Source information →
□ □ □ □ □ □ □
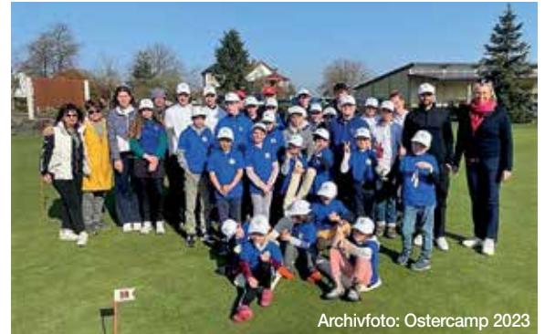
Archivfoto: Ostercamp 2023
□ □ □ □ □ □ □
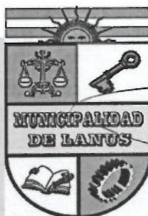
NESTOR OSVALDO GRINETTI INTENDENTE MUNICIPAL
□ □ □ □ □ □ □
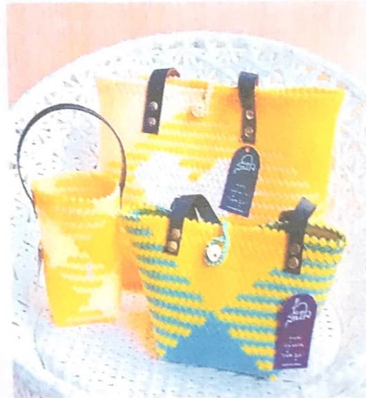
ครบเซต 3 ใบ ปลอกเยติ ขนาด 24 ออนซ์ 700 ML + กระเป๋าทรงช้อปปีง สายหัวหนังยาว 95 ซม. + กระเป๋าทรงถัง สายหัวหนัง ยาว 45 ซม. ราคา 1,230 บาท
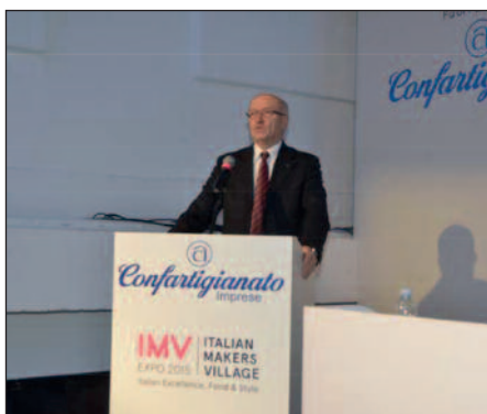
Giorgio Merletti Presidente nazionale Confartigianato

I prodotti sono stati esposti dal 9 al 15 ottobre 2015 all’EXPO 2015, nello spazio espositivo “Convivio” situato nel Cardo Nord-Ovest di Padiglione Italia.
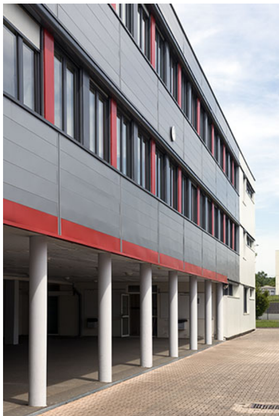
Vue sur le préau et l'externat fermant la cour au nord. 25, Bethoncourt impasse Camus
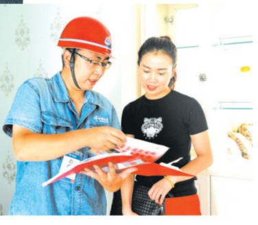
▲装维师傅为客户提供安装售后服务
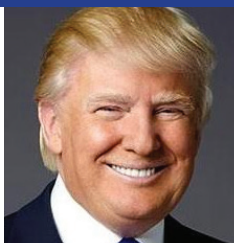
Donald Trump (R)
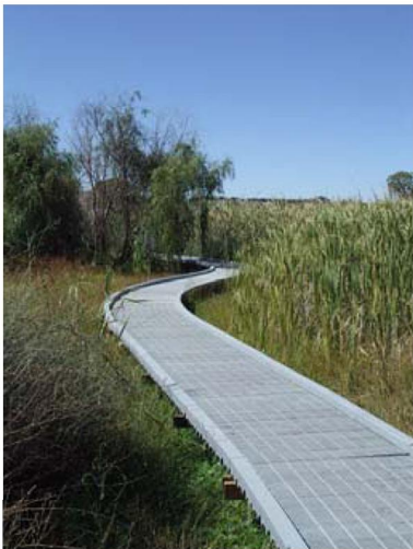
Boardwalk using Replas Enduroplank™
□ □ □ □ □ □ □
Problem to solve → Using the records above, repeat exactly the run of lines that starts with the line with "ครบเซต 3 ใบ" and goes on through the line with "Giorgio Merletti Presidente"; omit each picture.

Solution →
ครบเซต 3 ใบ ปลอกเยติ ขนาด 24 ออนซ์ 700 ML + กระเป๋าทรงช้อปปีง สายหัวหนังยาว 95 ซม. + กระเป๋าทรงถัง สายหัวหนัง ยาว 45 ซม. ราคา 1,230 บาท
Giorgio Merletti Presidente nazionale Confartigianato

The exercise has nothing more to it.